Goodbye Boring Businesses. We Invest in Companies that Care what Happens Next.
I think we invented the term “boring business”... by accident. Let me explain how that term came to be and why we’ve decided to retire it at Permanent Equity.
Back in 2014, Emily Holdman and I were trying to figure out how to directly market to small businesses that might potentially be looking to sell. At that time, the idea of SMB acquisitions was still fairly unrecognized and we kept getting lumped in with venture capital. Every time we’d make a marketing push, we got a handful of qualified leads and a ton of startups looking for funding.
So we thought to ourselves, “What’s a term that could get the right peoples’ attention and help them self-select into our lead funnel?” We experimented with quite a few sayings, like “unsexy companies” and “family-owned businesses,” and eventually “boring businesses.” To our surprise, the response rate using the term “boring business” was nearly 2X everything else. In fact, if you just added the word “boring” before you said business to pretty much any copy, it would 3X the response.
So, we went for it and started using the term in almost everything we said or wrote. In September of 2015, I wrote a well-received article for Forbes with the phrase in the title. In fact, it did so well that before long, others were writing about these “boring businesses” and the opportunity to acquire them.
Fast forward to today and the term is frequently and casually thrown around in the SMB space. Every week on Twitter I’m seeing a new person talk about buying boring businesses. In fact, some people are now even selling how-to courses with that exact phrase in the title.
Over the same period of time that boring business became a popular term, we started partnering with businesses that no one would call boring. In fact, during our initial conversations with those companies, and quite a few others, they asked about investment and culture fit based on our use of the boring business terminology. It has become clear that, at least for us, the term “boring business” no longer accurately describes what we value or what we do.
Private equity has a cringey reputation for what happens post-close, and unfortunately for good reason. Too often jargon obscures an obvious reality that a previously family-owned business will be levered to the moon, stripped of reinvestment, and flipped to the highest bidder within a short period of time. Management is often ousted and long-term strategies are sacrificed for short-term efficiency. The business that was built over decades to not only deliver profits, but also employ communities with good-paying jobs and be in partnership with vendors and customers is suddenly run from a spreadsheet at a coastal headquarters.
And for some sellers, this isn’t a problem. Topest of dollars was paid and that’s what matters. Or as one seller told us, “Money isn’t the most important criteria unless you’re not the highest bidder.” They see the slash-burn-and-turn mentality as a necessary evil. And, they’re not wrong. If someone is paying more, there can only be two logical reasons – they’re either willing to accept lower returns, or they’re planning to use more debt and more aggressively operate the company in hopes that they can make up for it. And, I don’t know anyone who is openly accepting lower returns.

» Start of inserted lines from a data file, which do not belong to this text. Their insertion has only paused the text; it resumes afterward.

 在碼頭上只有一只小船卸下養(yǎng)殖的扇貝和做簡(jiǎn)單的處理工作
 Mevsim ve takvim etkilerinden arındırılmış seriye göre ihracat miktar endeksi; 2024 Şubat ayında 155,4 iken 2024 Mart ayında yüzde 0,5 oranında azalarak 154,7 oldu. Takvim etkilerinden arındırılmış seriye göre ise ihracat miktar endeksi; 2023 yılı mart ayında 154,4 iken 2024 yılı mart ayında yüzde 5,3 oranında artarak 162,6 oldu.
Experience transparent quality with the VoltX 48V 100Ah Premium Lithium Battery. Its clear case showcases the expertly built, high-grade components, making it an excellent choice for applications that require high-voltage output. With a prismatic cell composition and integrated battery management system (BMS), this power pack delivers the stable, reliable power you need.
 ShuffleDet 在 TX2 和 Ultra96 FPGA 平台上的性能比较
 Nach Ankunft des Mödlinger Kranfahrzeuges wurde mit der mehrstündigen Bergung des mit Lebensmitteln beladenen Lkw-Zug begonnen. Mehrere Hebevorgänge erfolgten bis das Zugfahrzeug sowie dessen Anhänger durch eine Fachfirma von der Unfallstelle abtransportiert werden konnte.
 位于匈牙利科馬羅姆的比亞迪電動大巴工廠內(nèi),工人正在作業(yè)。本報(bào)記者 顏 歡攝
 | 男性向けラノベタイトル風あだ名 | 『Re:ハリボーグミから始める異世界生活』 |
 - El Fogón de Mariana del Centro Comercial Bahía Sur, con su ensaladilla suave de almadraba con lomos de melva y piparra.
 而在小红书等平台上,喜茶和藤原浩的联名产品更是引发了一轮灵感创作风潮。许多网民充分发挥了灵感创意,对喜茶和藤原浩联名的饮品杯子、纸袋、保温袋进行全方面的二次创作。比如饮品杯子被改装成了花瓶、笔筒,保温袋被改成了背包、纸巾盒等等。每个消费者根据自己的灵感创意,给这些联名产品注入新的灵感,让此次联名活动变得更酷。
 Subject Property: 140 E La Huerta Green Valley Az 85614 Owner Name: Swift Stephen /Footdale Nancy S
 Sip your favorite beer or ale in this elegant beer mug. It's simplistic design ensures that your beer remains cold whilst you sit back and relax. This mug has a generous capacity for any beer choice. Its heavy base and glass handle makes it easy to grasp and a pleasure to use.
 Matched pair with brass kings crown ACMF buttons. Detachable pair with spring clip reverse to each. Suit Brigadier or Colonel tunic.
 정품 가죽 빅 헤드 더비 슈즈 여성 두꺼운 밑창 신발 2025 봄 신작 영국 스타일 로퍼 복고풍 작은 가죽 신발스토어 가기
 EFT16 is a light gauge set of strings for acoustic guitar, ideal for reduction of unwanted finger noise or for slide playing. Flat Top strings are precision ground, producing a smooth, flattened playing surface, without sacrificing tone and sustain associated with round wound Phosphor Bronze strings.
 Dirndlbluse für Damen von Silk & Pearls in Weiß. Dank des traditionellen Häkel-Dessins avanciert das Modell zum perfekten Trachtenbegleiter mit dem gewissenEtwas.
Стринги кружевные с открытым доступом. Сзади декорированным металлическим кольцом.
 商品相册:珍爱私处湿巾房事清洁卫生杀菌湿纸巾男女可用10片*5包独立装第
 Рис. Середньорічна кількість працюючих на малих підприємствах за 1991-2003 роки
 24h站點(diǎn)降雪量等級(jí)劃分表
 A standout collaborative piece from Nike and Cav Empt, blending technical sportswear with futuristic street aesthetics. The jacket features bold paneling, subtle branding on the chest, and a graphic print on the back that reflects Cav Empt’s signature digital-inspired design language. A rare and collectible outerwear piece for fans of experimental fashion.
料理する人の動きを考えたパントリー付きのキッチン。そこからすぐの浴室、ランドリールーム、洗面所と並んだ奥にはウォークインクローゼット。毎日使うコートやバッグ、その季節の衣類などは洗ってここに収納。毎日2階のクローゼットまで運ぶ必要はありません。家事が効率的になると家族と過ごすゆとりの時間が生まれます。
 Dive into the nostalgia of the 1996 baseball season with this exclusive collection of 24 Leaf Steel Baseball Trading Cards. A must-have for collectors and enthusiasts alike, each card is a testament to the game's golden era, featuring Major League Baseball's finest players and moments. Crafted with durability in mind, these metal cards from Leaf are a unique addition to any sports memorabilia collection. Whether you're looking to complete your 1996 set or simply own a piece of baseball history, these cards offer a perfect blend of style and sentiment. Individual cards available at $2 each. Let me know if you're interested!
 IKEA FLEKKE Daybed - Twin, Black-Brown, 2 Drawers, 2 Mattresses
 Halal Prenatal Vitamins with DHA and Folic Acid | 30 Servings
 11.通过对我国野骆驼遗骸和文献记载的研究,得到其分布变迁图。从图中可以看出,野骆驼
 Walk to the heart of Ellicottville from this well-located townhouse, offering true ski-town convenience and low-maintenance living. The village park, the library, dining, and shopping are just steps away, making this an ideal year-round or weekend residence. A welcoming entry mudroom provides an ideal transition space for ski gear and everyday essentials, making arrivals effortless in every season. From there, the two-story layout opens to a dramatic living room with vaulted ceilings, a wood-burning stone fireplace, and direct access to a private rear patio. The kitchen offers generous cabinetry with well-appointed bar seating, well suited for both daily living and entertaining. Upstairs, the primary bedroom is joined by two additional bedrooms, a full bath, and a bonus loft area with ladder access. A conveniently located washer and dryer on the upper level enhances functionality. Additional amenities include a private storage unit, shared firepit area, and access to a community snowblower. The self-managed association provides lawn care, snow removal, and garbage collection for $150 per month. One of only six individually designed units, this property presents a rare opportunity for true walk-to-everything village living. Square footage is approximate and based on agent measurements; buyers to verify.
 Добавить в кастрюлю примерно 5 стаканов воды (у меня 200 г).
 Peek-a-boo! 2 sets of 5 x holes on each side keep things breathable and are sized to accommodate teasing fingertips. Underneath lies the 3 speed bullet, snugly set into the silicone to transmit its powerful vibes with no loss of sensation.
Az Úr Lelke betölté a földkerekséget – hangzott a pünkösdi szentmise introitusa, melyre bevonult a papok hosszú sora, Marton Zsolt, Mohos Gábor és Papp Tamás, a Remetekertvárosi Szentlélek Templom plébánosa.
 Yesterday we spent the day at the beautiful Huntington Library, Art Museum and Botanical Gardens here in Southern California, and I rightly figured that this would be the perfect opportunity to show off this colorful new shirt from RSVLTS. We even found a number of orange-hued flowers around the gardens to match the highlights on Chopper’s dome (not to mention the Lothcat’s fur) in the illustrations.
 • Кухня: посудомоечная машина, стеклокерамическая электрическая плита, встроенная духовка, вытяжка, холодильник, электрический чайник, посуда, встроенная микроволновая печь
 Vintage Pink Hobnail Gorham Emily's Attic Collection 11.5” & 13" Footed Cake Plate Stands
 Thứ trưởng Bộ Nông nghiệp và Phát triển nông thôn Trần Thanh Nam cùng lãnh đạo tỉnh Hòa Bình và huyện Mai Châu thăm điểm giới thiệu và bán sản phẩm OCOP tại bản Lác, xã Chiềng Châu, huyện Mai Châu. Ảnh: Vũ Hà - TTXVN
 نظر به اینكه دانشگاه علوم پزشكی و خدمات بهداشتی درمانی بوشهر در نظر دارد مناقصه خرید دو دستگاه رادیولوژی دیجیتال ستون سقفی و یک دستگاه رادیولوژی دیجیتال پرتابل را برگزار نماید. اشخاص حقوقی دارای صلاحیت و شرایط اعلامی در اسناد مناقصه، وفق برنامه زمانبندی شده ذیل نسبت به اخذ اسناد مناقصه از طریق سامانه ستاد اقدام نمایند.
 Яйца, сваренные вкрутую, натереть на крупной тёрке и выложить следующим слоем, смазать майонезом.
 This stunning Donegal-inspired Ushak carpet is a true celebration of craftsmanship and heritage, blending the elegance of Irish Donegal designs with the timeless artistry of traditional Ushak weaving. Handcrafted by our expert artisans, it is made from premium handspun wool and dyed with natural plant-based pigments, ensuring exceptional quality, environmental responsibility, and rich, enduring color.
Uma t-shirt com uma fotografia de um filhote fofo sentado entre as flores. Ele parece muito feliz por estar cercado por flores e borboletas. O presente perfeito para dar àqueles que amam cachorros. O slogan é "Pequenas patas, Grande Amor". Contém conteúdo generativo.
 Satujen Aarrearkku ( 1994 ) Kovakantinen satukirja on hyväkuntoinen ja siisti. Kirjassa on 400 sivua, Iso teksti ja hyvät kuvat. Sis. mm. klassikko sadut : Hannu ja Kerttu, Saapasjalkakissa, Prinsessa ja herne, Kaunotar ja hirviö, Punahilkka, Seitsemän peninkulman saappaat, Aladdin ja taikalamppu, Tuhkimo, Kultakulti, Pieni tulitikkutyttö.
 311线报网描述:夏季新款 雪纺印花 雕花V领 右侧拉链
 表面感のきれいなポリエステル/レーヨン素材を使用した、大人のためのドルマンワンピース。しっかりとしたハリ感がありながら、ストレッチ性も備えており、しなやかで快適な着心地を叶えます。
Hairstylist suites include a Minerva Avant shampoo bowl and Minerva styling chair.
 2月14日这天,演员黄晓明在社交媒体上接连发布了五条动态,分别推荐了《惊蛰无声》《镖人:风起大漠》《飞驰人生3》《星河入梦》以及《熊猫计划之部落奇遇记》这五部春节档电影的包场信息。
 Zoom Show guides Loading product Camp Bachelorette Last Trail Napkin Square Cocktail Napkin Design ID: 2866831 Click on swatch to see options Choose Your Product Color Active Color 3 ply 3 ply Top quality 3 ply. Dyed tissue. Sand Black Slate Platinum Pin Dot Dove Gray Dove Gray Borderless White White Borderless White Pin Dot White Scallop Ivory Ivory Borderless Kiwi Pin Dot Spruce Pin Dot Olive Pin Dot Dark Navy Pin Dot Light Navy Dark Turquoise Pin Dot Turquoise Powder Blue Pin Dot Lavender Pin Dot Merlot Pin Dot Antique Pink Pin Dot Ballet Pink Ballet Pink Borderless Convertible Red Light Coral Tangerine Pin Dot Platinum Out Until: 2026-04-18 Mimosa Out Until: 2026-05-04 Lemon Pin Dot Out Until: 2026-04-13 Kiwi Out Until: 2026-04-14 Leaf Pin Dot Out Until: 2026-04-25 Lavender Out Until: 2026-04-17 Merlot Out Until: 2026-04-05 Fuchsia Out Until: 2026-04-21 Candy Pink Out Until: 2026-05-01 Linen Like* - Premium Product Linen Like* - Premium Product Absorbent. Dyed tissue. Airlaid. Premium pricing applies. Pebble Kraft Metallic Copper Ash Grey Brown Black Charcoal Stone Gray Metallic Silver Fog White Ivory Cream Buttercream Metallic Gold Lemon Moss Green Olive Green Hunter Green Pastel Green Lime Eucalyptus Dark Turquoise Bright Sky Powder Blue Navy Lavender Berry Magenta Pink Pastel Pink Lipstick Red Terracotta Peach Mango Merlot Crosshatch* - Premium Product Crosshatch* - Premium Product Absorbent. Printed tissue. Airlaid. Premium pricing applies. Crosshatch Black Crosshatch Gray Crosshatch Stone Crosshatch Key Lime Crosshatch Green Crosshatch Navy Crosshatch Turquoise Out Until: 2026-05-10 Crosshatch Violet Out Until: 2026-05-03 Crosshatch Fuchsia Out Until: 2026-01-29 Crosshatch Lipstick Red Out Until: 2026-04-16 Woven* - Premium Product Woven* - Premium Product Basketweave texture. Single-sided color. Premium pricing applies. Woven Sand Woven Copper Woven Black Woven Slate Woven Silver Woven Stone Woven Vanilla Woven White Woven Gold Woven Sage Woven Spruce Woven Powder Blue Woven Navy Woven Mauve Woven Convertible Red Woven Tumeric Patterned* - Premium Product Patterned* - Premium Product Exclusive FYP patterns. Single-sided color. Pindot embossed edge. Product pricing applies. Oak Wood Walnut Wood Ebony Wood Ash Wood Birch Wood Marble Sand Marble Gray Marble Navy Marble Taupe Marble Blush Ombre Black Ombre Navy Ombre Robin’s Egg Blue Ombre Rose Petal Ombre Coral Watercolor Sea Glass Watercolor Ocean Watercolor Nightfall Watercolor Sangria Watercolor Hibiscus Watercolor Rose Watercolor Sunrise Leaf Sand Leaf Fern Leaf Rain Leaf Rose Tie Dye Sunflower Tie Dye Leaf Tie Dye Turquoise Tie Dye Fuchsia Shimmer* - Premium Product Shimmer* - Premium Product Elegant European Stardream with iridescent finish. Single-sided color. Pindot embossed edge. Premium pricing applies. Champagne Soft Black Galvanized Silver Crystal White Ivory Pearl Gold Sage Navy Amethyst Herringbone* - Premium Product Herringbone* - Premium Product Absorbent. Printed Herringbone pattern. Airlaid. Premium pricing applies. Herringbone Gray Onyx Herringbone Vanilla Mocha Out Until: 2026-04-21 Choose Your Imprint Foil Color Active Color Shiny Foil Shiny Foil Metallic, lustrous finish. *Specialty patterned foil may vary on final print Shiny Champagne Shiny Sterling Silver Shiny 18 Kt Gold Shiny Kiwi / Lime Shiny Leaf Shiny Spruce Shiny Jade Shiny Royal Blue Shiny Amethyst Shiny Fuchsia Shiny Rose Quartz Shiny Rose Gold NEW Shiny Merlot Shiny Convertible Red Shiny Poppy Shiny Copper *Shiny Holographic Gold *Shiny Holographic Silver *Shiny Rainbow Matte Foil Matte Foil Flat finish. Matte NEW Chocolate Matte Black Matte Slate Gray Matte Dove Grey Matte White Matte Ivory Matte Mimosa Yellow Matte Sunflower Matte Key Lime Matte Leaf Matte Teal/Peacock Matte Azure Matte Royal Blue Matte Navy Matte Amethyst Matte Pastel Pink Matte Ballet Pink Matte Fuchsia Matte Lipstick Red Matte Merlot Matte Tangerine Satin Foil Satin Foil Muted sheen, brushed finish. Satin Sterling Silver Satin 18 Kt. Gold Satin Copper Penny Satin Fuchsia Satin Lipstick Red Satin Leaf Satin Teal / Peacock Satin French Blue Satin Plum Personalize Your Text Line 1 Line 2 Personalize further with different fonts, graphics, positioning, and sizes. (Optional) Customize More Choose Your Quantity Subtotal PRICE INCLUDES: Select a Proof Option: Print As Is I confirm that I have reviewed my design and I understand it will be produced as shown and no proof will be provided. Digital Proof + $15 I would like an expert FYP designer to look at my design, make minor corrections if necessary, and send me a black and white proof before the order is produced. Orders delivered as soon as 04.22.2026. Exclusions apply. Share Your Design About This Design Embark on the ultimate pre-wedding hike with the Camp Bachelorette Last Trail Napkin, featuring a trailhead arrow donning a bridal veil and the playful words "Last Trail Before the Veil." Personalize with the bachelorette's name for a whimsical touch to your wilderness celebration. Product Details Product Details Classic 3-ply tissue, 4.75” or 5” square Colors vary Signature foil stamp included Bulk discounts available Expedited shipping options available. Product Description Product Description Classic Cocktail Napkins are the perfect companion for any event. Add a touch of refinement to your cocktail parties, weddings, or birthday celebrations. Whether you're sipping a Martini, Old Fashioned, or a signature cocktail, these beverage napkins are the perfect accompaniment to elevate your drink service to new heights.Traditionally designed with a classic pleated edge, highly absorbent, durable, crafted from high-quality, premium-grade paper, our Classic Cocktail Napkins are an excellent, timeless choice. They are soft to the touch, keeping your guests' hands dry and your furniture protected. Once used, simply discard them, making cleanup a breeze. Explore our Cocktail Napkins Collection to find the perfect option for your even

But most owners care what happens next. And, so does Permanent Equity. When we invest, the answer to what happens next isn’t complicated or scary. It’s to continue on the prosperous path already in motion. It’s to do no harm. It’s to partner with the leadership team that is in place, or if the seller is the leader and wants to retire, then work collaboratively to recruit or promote. While not perfect by any means, we try to offer a kind, supportive, and hopefully thoughtful set of resources to help our family of companies flourish.
So, Permanent Equity invests in “companies that care what happens next.” Every owner we buy from cares deeply who they sell to, what comes next for the company, and how employees will be treated. Those softer transaction details and the people who express them, are as important, if not more so, than the financial details. That’s the common linkage across our portfolio and who we want to partner with. We also want to approach each organization with care, humbly learning from them before making any suggested changes, supporting them in life’s inevitable ups and downs, and building meaningful relationships over long periods of time.
So long boring businesses. It was a great run.
We look forward to working with companies that care what happens next.